Kate Hoare

“My schools gave me an excellent and free education, which I have always valued, because I don’t think my parents would have been able to send me had there not been financial support.”


“Going to Kensington was quite a change. I suppose it was more formal. We moved into London when I was nine and I had been to a little village school in Buckinghamshire before that. I remember the maroon uniform, from quite early on I used to go by tube from where we lived in Paddington to High Street Kensington and walk up from there. I find that extraordinary now! I remember being told by a teacher, her name was Miss Johns I think, that I would never be any good at geography because I was no good at colouring in and I ended up doing Geography at Cambridge, so that always made me smile…

I don’t think anybody from Kensington went on to South Hampstead, so I didn’t really know anybody at all, and there were clearly a group of girls who came up from the Junior School who all knew each other, so I do remember being a little bit uncomfortable about that for a while until I got to know people. I remember the other GPDST schools in London as I was a very keen netball and, for a while, hockey player, and we played each other on a Friday afternoon, so the coaches would trundle around London carrying all the teams from the U13s to the 1st team between the Trust schools. I remember visiting a lot of them and I could still tell you the different colours of the sports uniforms.

In order to apply for a direct grant place at the time, you took an examination and you could select three schools. South Hampstead, Putney High and City of London were my parents’ choices and I had to sit exams at each of them and the direct grant was awarded on the basis of the examination results. As I recall it, half the year group had a direct grant. It’s hard to sum up seven years, but I think one thing that was really quite important was that I learned the ability to think, to marshal information in a constructive way, to put different sides of a question, to write a good essay. I think the teaching generally was very good at helping to develop that.

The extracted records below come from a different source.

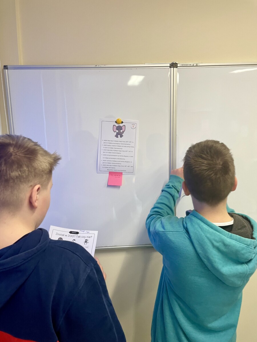 Na ostatniej lekcji matematyki uczniowie klasy 5 w ramach podsumowania i przygotowania do sprawdzianu z działu „Figury na płaszczyźnie” z wielkim zaangażowaniem, podjęli próbę rozwiązania zagadki „Kto uciekł z ZOO ?” Oto krótka relacja z tego dnia
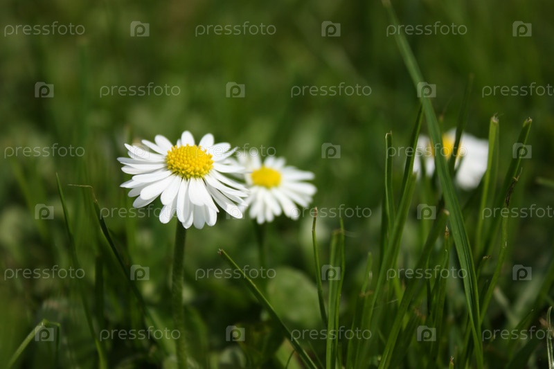 Белые ромашки в зеленой траве
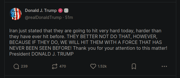 >>529493352I think he wasn't expecting the attacks on other gulf states. MbS and the UAE guy are probably calling him asking wtf. Dubai airport has been hit... not a good look. The US don't have protective cover of all these gulf states so they are basically sitting ducks and Iran is going to keep hitting them until the US backs off so, yeah, that's kind of the problem. Not sure what Trump will do here. He might have to back off after a bit and rethink.
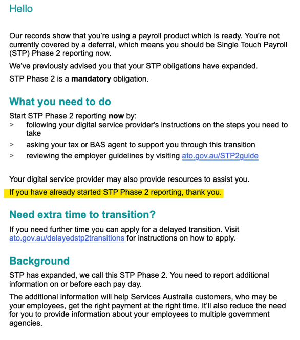 You may have received a "You should be Single Touch Payroll Payroll Phase 2 reporting" email from the Australian Taxation Office (ATO). Don't stress, that email is to basically let you know that foundU is compliant and we're all in the new world now. As per their disclaimer "If you have already started STP Phase 2 reporting, thank you."
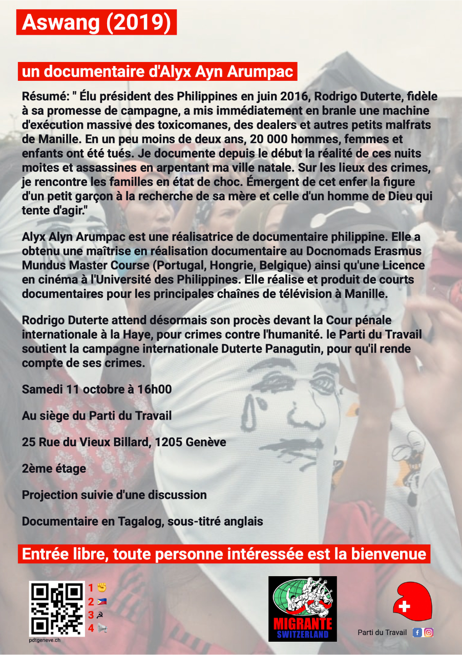 Rodrigo Duterte attend désormais son procès devant la Cour pénale internationale à la Haye, pour crimes contre l’humanité. le Parti du Travail soutient la campagne internationale Duterte Panagutin, pour qu’il rende compte de ses crimes.
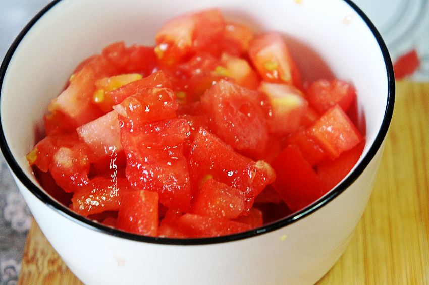 2、将洗净的西红柿切丁,大约1cm见方的丁或者更细小一点,这样更容易打碎。
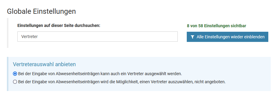 Bei der Eingabe einer Abwesenheit kann auch ein Vertreter ausgewählt werden. Es ist hier nicht möglich, mehrere Vertreter auszuwählen, sondern es kann nur ein Vertreter gewählt werden.
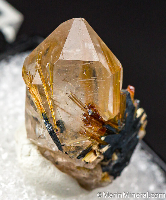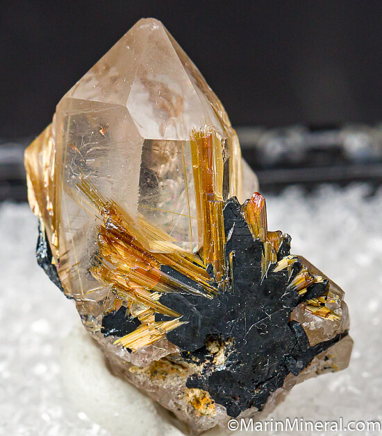 Really showy thumbnail combo of the 3 species (hard to get all 3 together in a cute thumbnail like this!). Golden Rutile and Hematite attached to the front of a clear Quartz crystal. The Quartz has both attached and included Rutile. Hard to find a thumbnail with both a Quartz and the Rutile radiating out of a Hematite crystal. Valued at $150.
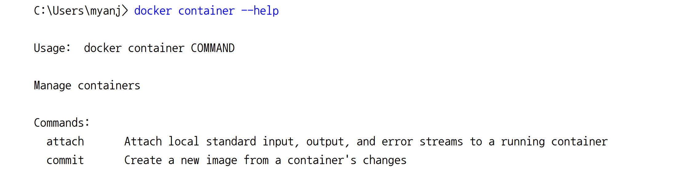 내가 여기서 container와 관련된 명령어를 알고싶다고 하면,
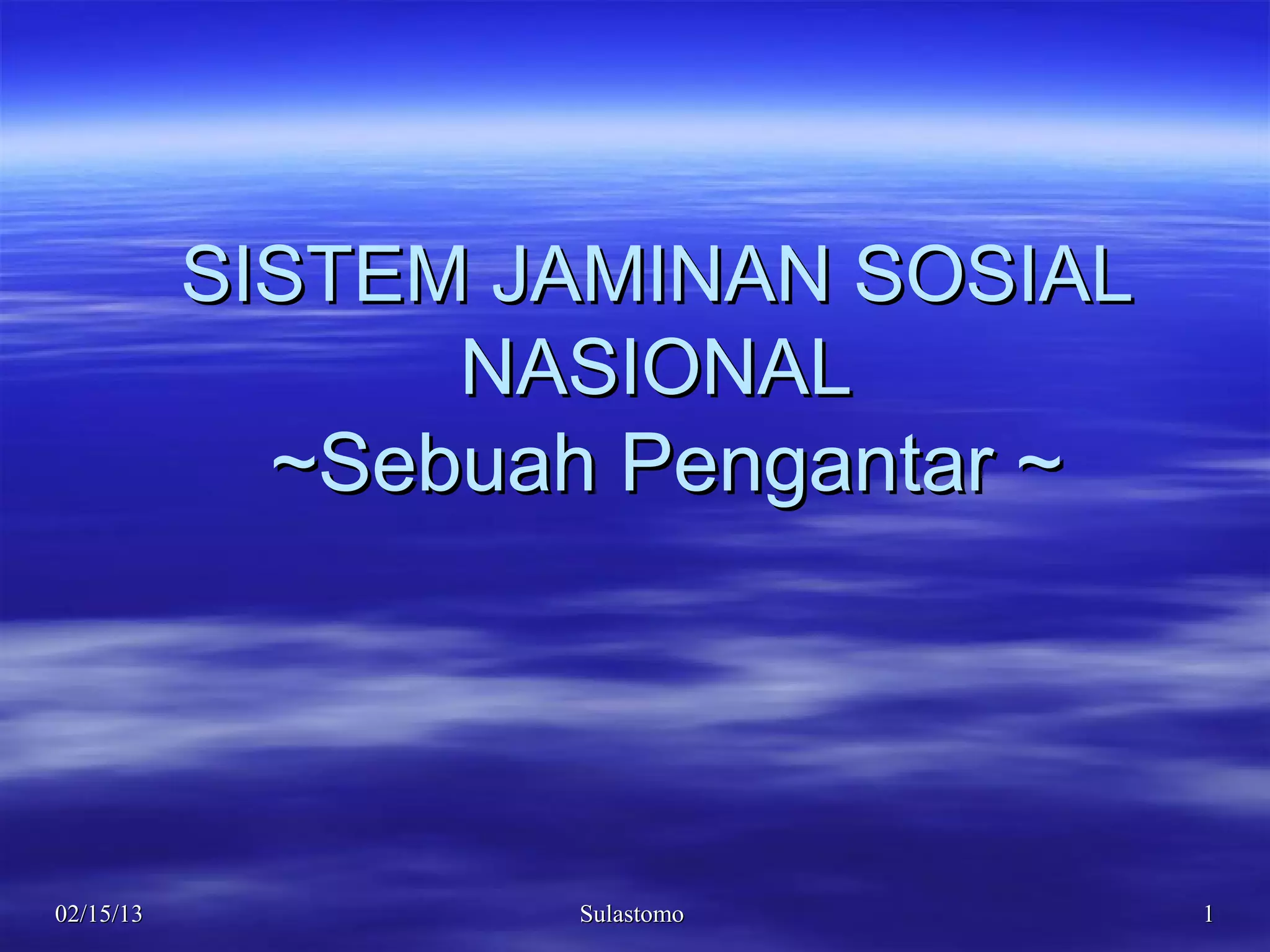Dokumen ini membahas sistem jaminan sosial nasional sebagai upaya pemerintah untuk meningkatkan kesejahteraan rakyat Indonesia melalui berbagai mekanisme seperti asuransi sosial, bantuan sosial, dan pelayanan sosial. Selain itu, dijelaskan prinsip-prinsip dan kerangka hukum yang mendasari sistem ini, serta jenis-jenis manfaat yang diberikan kepada peserta. Program ini berencana untuk menjangkau seluruh rakyat secara bertahap, dengan fokus pada kelompok masyarakat miskin dan formal.

The other thing that I realised afterwards, although I don’t think I thought about it at the time, was that in terms of education there was no difference between girls and boys for us. South Hampstead was an all girls’ school and it never occurred to most of us that there was anything we shouldn’t do. I went on to Girton, which of course was also fairly hot on women’s education. It wasn’t until after that when I did a postgraduate degree in Northern Ireland, where I was the only girl on the course, that I came across somebody (a very nice young man, one of my contemporaries) telling me quite seriously why he didn’t think that it was appropriate that women should receive higher education, because they weren’t going to be using it!

Some of us are very good at maths and some of us aren’t, and some of us are very good at music and some of us aren’t, but it is nothing to do with our gender, it’s all to do with perhaps our individual aptitudes and the way we’re taught and where our interests lie. So that’s something I owe not just to South Hampstead, but to Kensington and to Girton as well.

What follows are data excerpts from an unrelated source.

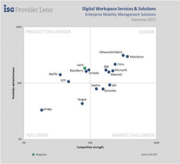 Frankfurt a.M./Zürich/Wien – Matrix42 ist führender Anbieter in den Bereichen Digital Workspace Management Solutions, Enterprise Mobility Management Solutions und Mobile Device Management Solutions. Das zeigt die soeben veröffentlichte, unabhängige Provider Lens Studie der Information Service Group (ISG). Das Research-Unternehmen hebt hervor, dass Matrix42 durch seinen 360° Workspace-Ansatz eine skalierbare, einheitliche Verwaltung für beliebige Geräte und Betriebssysteme bietet. Durch seine ganzheitliche Workspace Management Lösung unterstützt das Unternehmen seine Kunden bei der einfachen, sicheren und geräteunabhängigen Bereitstellung von digitalen Arbeitsplätzen. Grund genug, Matrix42 in allen drei Kategorien im Leader-Quadranten des ISG Reports zu positionieren.
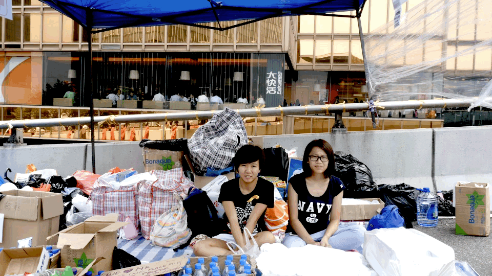 Around noon things were relatively quiet. The city appeared rigidly split between areas where life continued on as normal and territory totally disrupted by the protests. Office workers ate seemingly ordinary lunches at a 2nd floor Fairwood fast food place just a few feet away from a supply tent on a highway overpass. Two women sat among cases of water bottles and canvas bags. I didn't get their names, only their ages, 19 and 21.
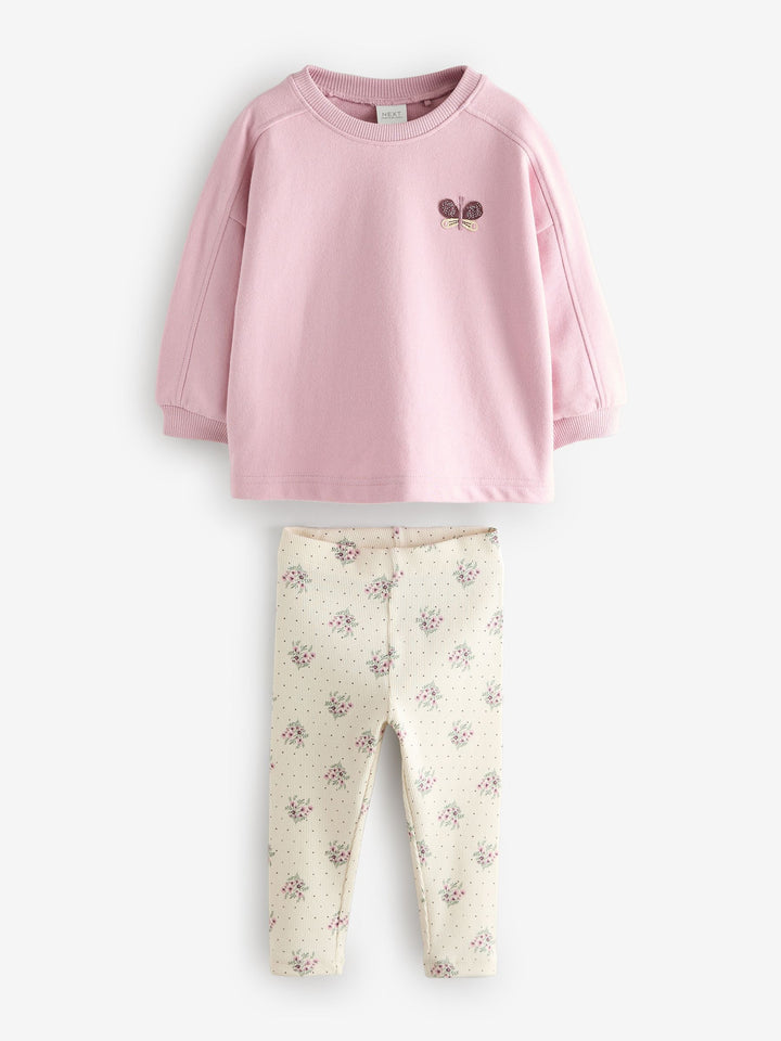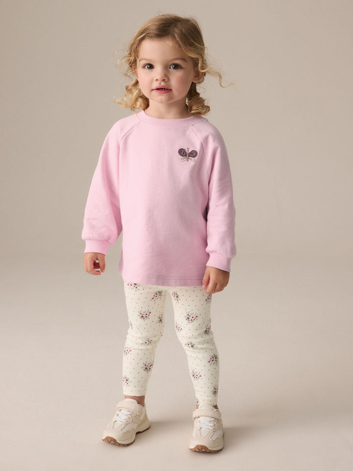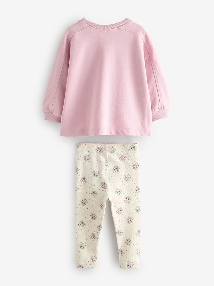 Pale Pink Floral Long Sleeve Top and Leggings Set (3mths-7yrs)

South Hampstead and Kensington gave me an excellent education, which I have always valued, and a free education, which I have also always valued, because I don’t think my parents would have been able to send me to a school like South Hampstead had there not been financial support. And I bitterly regret that that the direct grant scheme is no longer available for young people today. When I look at the next generation, my children and their friends it is so much harder for them.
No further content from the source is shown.